Wednesday, November 15, 2006

No Commonplace

When the gray hag of indecision hunkers beside my chair, I research.
When the flame of inspiration burns slow and sullen, I research.
In northeast England, above the valley of the river Wear, rises Hamsterley Forest.
Either in or near that forest, buried deep in the detritus of centuries, lies the ramparts of an iron-age fort.
Iron age. Sword age. Wolf age.
They close the park at dusk in Weardale.
Does the autumn mist hang heavy there and the branches weave like bones unfleshed above the track?
Some suggest the word survives from a Celtic name.
River of blood.
Weardale in November.
November is the blood month.
The hair starts rising up all over me.
What if.
What if it was Weredale?

You see what happens when you set your imagination free, to run unfettered, sniffing out possibilities, nosing down associations.
To hunt.

We pay attention - or should - to the titles of our books, to the choice of our character's names.
Do we pay enough attention to our place names?


Carla said...

Well, I'm a place-name nut as you know, so you're preaching to the converted in my case :-)
Bear in mind as your imagination takes flight that 'were' in Old English just meant 'man', and didn't have the paranormal connotations it has today. (Though the modern connotation might well be a good hook to hang a story on).
I just looked up Weardale in the Dictionary of Place Names, and it says that 'Wear' is probably from the Indo-European root for 'water', the same root that underlies German Wasser and Russian vodka as well as English water and wet. The Roman name for the river was Vedra, from the same root. 'Dale' is Norse for valley. So sadly it probably just means 'water valley' or 'wet valley'. How boring. But the scholars might be wrong :-)

Bernita said...

Um, yes, Carla, I saw that.
More than boring. The River Wear - the "water water."
The scholars, however, sometimes do not agree.
I did not take the time to run down the claim of Celtic attribution for the bloody water association - because I was doing just that - letting my imagination take flight - which was the point.

kmfrontain said...

That name, Weredale, has all the markers of a plot bunny creation. (Backs away shaking, shot gun in hand, shells loaded with silver pellets tumbling from fingers.)

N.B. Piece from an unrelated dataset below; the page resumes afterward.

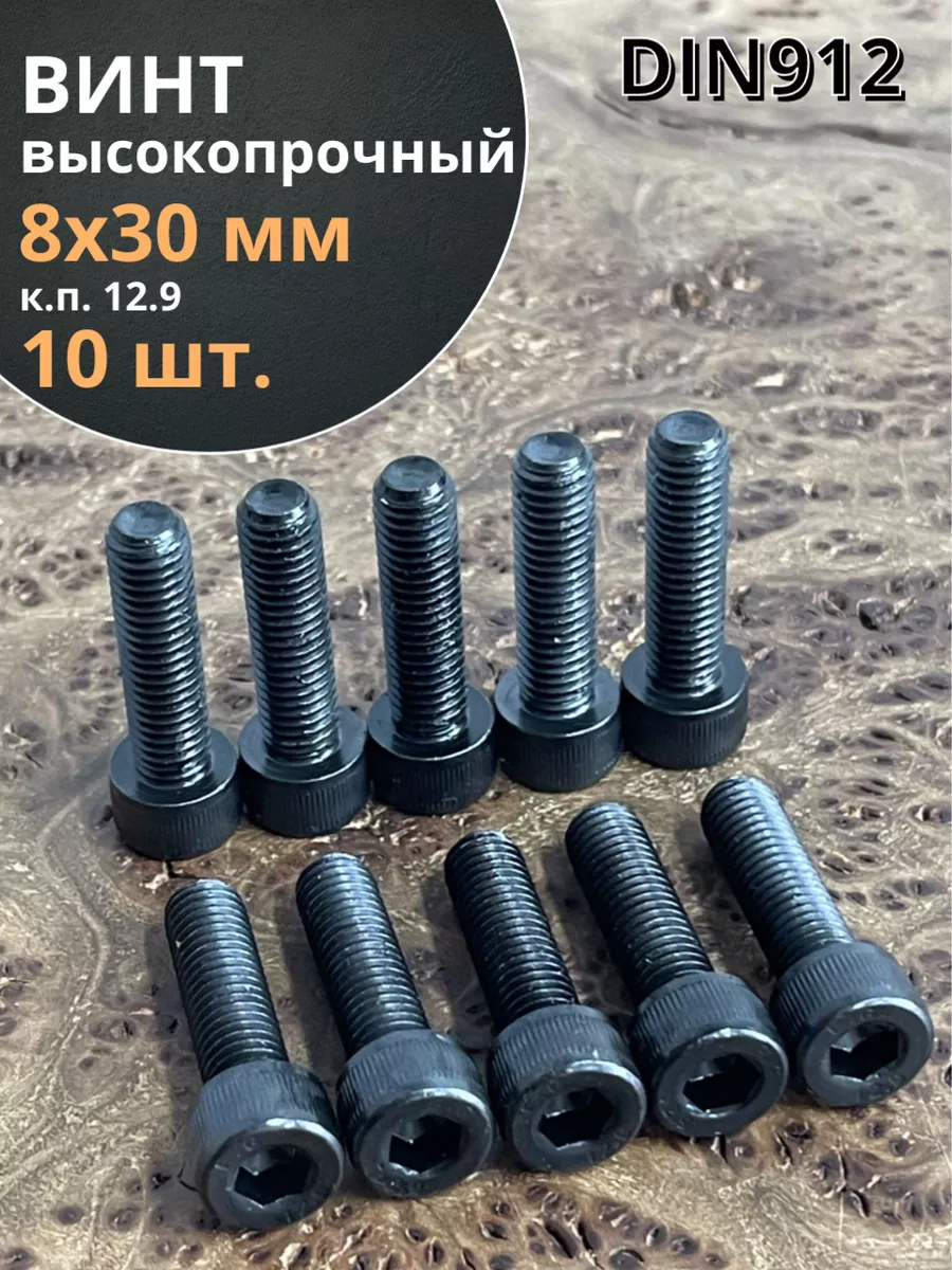 Винт высокопрочный ПР М8х30 мм к.п.12.9 черный DIN912, 10 шт.

Yep. Good name could actually motivate a good plot, or even grab a reader enough to make them start reading. (Fires shot gun, misses, runs like hell.)

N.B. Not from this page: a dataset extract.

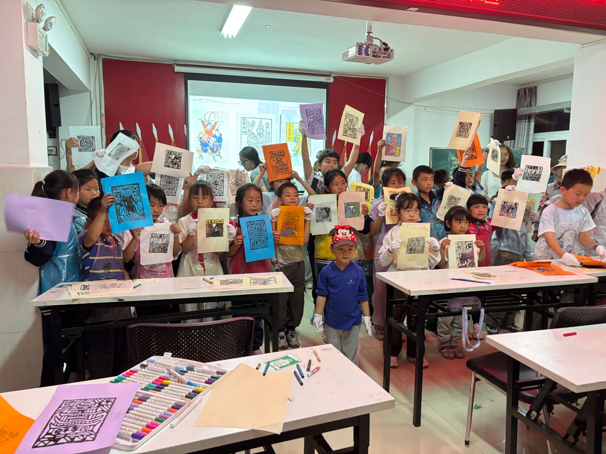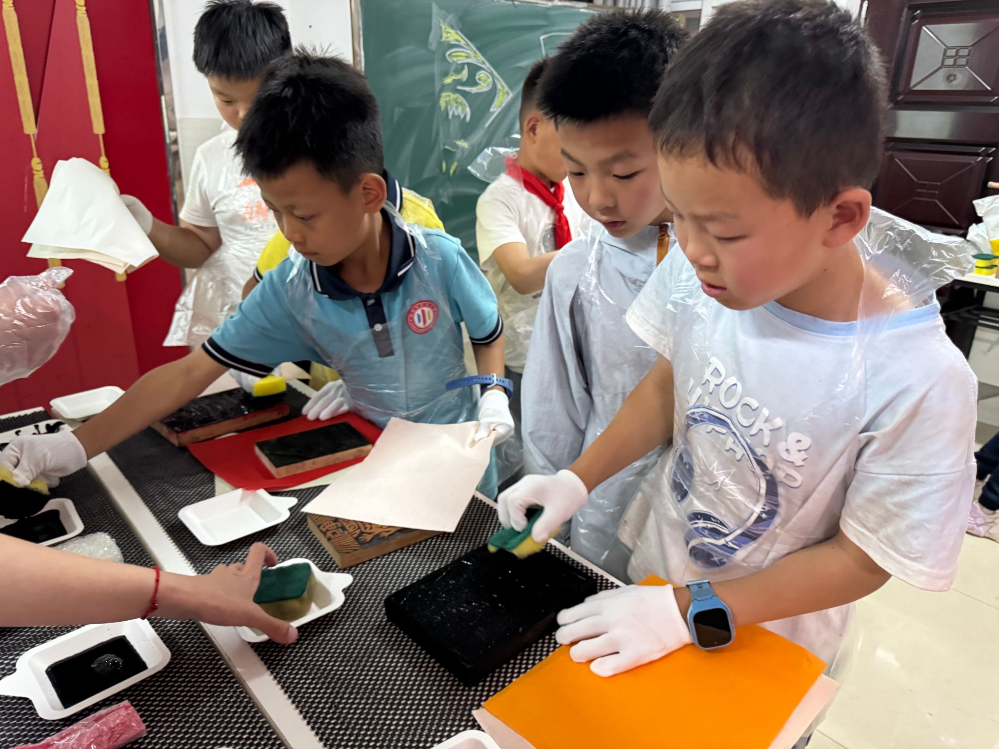实践环节中,志愿者现场演示了拓印技巧:从墨汁调配到均匀上墨,再到用适宜的力度按压,每一步尽显传统技艺的细腻。孩子们戴上围裙和手套,化身 “小工匠”,在五颜六色的纸张上拓印雕版图案,并发挥想象力用彩笔为作品上色。传统的黑白拓印与孩子们的缤纷创意相互交融,让这门古老技艺在他们的手中焕发出新的生机与活力。

Are you using Weredale in a story now? (Say yes! The bunnies will chew off my toes if you don't!)

Research is also what I do when I can't write. I like research. So many odd things pop up.

Bernita said...

Not sure if it's a true plot bunny or not, Karen!
'Tis intriguing, is it not?
Can almost see the opening lines...
Feel free to breed the little bugger though.

MissWrite said...

What a cool post. I do try, but I think in that aspect I tend to fail when it comes to really cool 'place' names. Names that are fitting. Boy 'weredale' really conjurs a fantastic image.

JLB said...

Place names always grab my interest... I really enjoyed your musings - they are a wonderful rendition of what rattles through my mind as I try to stratify the name of a place in some spectrum of meaning.

Moving across the country has really accentuated this experience for me - back in Washington State, there was a familiar trend in naming, with so many names connected with the Pacific Northwest and Coastal Native Americans. But here in Pennsylvania, I'm perplexed by names like Tredyffrin, Perikomen, and Conshohocken. Their roots are all new to me, and sometimes they seem as foreign as if they were half a world a way.

As for your question about the names of titles and characters, etc. in writing - this is something to which I devote considerable attention. For me, it's not just the names and their meanings/symbolism/appropriateness that are significant, but also how the name feels on the tongue and in the mind - does it hang the reader up, or draw the reader in?

Bernita said...

Thank you, Tami.
Just a thought, the index of an atlas might be of help.

Exactly, JIB, thank you muchly for expanding my meander.

Ric said...

Weredale. Does conjur up a myriad of thoughts.
I - in the manner of Stephen King - set all my stories in the fictional town of Errol - which was the name of my hometown before Mr. Brown bought half the site and renamed it after himself - and named all the streets running north after his children - before the railraod came through. One of my beta readers caught the reference in my last book - which was doubly satisfying.
Oddly enough, the one single thing that determines a main character name is how easy it is to type.
Anyone else do that? Lloyd is difficult. Tom is not.

Bernita said...

"how easy it is to type..."
Obviously not an affliction that deters writers of fantasy, Ric!

If I may say so - without sounding defensively picky - the OE word for man is not "were" but "wer" or "weres," according to my glosses. "Weras" is the most frequent plural.

writtenwyrdd said...

If you started a book with "November is the month of blood and here I am in Weredale," I'd be reading further!

ramir said...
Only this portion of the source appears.